2022-08-06 Thread Luna Jernberg
Youtube TWIL: 
https://www.youtube.com/watch?v=aGJlQPUmVoo&list=PLbFVcOQ-YH_LRP687N0YeN78YZmBp5wq
Brodie: https://www.youtube.com/watch?v=FYOl20SCdr8

On 8/6/22, Richard Fontana  wrote:
> Hi,
>
> I posted the following recently to the Fedora legal list, but it was pointed
> out by Fabio Valentini that the legal list is sort of obscure so I'm
> reposting it here in the hope that it may reach more interested people:
>
> CC0 has been listed by Fedora as a 'good' license for code and content
> (corresponding to allowed and allowed-content under the new system).

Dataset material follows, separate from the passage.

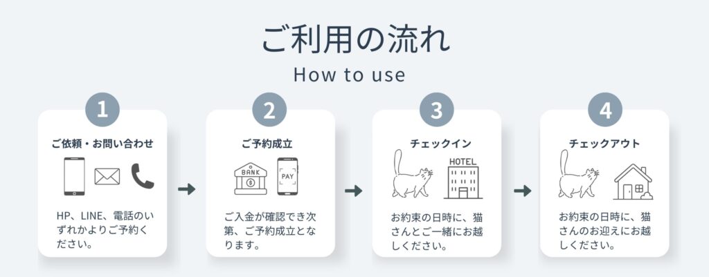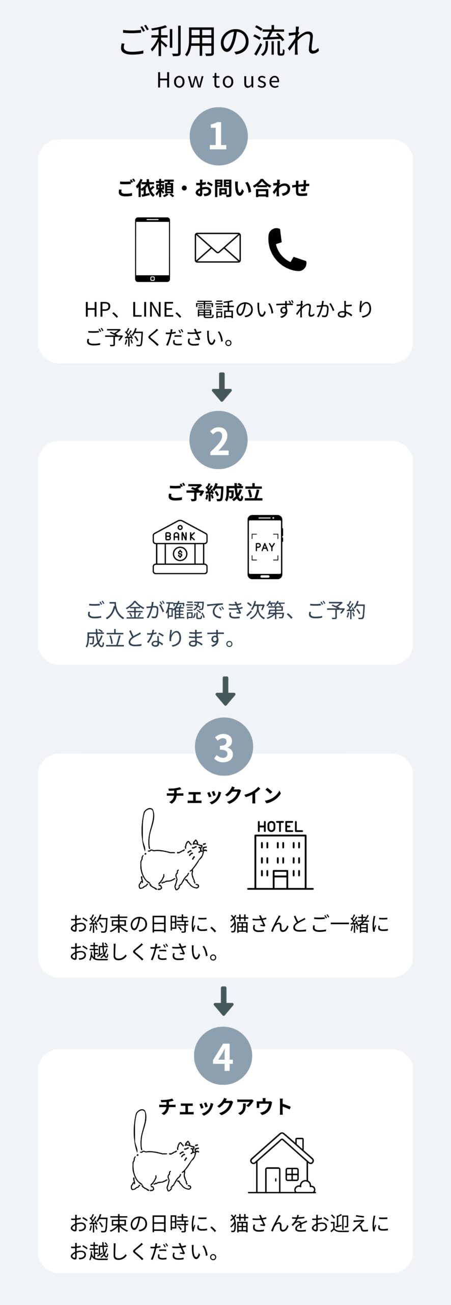 猫さんが安心して過ごせるよう、一匹一匹の性格や普段の生活スタイルに合わせて、その子に合った方法でのお世話をさせていただいております。初めてのご利用でも安心していただけるよう、 ご予約からチェックアウトまで丁寧にサポートいたします。
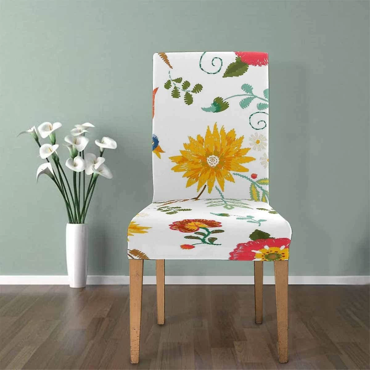 Washable, polyester material, milk fiber fabric.Universal fit size.Fit for most chair size. Chair back length 14-20 inch35x50 cm, back height 20-25 inch50x63 cm, seat length 16-20 inch40x50 cm, seat width 14-20 inch35x50 cm.The chair covers safeguard your dining chairs from stains, dirt and also can prevent your chair from kids scribble or pet scratch and bite.The chair covers with bright colors and fashionable patterns is perfect for decorating your chair.Stretch Chair Slipcovers for Decorative ,Seat Protector is Removable and Washable .

> We plan to classify CC0 as allowed-content only, so that CC0 would no
> longer be allowed for code. This is a fairly unusual change and may
> have an impact on a nontrivial number of Fedora packages (that is not
> clear to me right now), and we may grant a carveout for existing
> packages that include CC0-covered code. While we are moving towards a
> process in which license approvals are going to be done primarily
> through the Fedora license data repository on gitlab.com, I wanted to
> note this on the mailing list because of the significance of the
> change.
>
> The reason for the change: Over a long period of time a consensus has
> been building in FOSS that licenses that preclude any form of patent
> licensing or patent forbearance cannot be considered FOSS. CC0 has a
> clause that says: "No trademark or patent rights held by Affirmer are
> waived, abandoned, surrendered, licensed or otherwise affected by this
> document." (The trademark side of that clause is nonproblematic from a
> FOSS licensing norms standpoint.) The regular Creative Commons
> licenses have similar clauses.
>
> A few months ago we approved ODbL as a content license; this license
> contained its own "no patent license" clause. Up till this time, the
> official informal policy of Fedora has been that 'content' licenses
> must meet the standards for 'code' licenses except that they can
> prohibit modification. The new Fedora legal documentation on the
> license approval categories will note that allowed-content licenses
> can also have a no-patent-license clause. In a FOSS development and
> distribution context, the absence of patent licensing for non-software
> material is of significantly less concern than the software case.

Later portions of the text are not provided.